# Data shown
———

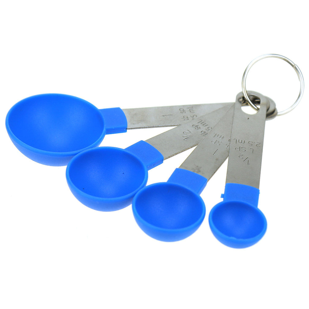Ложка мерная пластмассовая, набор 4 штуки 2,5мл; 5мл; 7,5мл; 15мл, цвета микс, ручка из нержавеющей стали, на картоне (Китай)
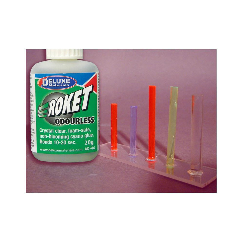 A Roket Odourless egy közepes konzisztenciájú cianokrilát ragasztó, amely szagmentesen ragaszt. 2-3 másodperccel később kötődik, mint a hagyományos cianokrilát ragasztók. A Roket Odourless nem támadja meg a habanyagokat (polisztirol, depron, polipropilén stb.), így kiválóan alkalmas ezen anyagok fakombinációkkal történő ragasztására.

———

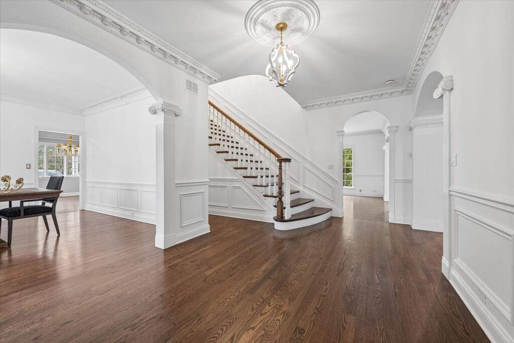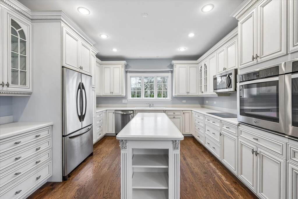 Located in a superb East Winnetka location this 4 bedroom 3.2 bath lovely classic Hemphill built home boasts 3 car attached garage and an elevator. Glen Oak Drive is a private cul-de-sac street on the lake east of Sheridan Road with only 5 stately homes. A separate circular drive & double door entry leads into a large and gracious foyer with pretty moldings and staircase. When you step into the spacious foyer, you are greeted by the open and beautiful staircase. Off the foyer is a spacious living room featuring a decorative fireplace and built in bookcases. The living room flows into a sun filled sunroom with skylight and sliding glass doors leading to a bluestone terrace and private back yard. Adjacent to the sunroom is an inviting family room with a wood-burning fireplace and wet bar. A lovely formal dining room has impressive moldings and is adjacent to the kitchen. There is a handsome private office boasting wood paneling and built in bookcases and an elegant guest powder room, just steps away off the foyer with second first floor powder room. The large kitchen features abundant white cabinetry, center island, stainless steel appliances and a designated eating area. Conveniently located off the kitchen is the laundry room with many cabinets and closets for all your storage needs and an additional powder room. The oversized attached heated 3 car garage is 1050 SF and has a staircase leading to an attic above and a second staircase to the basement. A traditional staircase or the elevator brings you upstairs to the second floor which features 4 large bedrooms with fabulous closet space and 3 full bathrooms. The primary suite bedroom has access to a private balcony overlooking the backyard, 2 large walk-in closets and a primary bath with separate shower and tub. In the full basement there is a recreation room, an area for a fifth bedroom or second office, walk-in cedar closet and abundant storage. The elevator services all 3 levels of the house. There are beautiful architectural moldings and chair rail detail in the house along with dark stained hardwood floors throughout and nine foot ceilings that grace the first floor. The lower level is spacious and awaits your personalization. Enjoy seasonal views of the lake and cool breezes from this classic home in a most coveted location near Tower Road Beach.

———

# Exercise directions
Work from the entries above. Set down exactly and only the lines from the line with "Ложка мерная пластмассовая, набор" to the line with "A Roket Odourless egy", both included, and leave the pictures out.

# Your response
Ложка мерная пластмассовая, набор 4 штуки 2,5мл; 5мл; 7,5мл; 15мл, цвета микс, ручка из нержавеющей стали, на картоне (Китай)
 A Roket Odourless egy közepes konzisztenciájú cianokrilát ragasztó, amely szagmentesen ragaszt. 2-3 másodperccel később kötődik, mint a hagyományos cianokrilát ragasztók. A Roket Odourless nem támadja meg a habanyagokat (polisztirol, depron, polipropilén stb.), így kiválóan alkalmas ezen anyagok fakombinációkkal történő ragasztására.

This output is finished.